**Given data:**
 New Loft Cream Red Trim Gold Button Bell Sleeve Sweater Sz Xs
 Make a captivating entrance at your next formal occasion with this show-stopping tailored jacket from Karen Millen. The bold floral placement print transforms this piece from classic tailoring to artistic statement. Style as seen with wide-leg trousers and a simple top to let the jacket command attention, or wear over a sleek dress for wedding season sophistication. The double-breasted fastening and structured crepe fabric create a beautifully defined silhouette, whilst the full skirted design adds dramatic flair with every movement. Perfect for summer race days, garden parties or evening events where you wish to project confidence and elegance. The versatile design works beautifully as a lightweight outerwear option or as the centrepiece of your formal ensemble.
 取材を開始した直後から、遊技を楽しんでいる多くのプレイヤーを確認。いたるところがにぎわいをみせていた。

==

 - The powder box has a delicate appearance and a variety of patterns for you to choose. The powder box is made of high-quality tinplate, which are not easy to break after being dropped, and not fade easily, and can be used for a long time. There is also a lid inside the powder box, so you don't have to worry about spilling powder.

**Exercise instructions:** Starting at the line that has "Make a captivating" and ending at the line that has "取材を開始した直後から、遊技", please write out the lines above exactly, leaving out all others.

**Answer to this problem:**
 Make a captivating entrance at your next formal occasion with this show-stopping tailored jacket from Karen Millen. The bold floral placement print transforms this piece from classic tailoring to artistic statement. Style as seen with wide-leg trousers and a simple top to let the jacket command attention, or wear over a sleek dress for wedding season sophistication. The double-breasted fastening and structured crepe fabric create a beautifully defined silhouette, whilst the full skirted design adds dramatic flair with every movement. Perfect for summer race days, garden parties or evening events where you wish to project confidence and elegance. The versatile design works beautifully as a lightweight outerwear option or as the centrepiece of your formal ensemble.
 取材を開始した直後から、遊技を楽しんでいる多くのプレイヤーを確認。いたるところがにぎわいをみせていた。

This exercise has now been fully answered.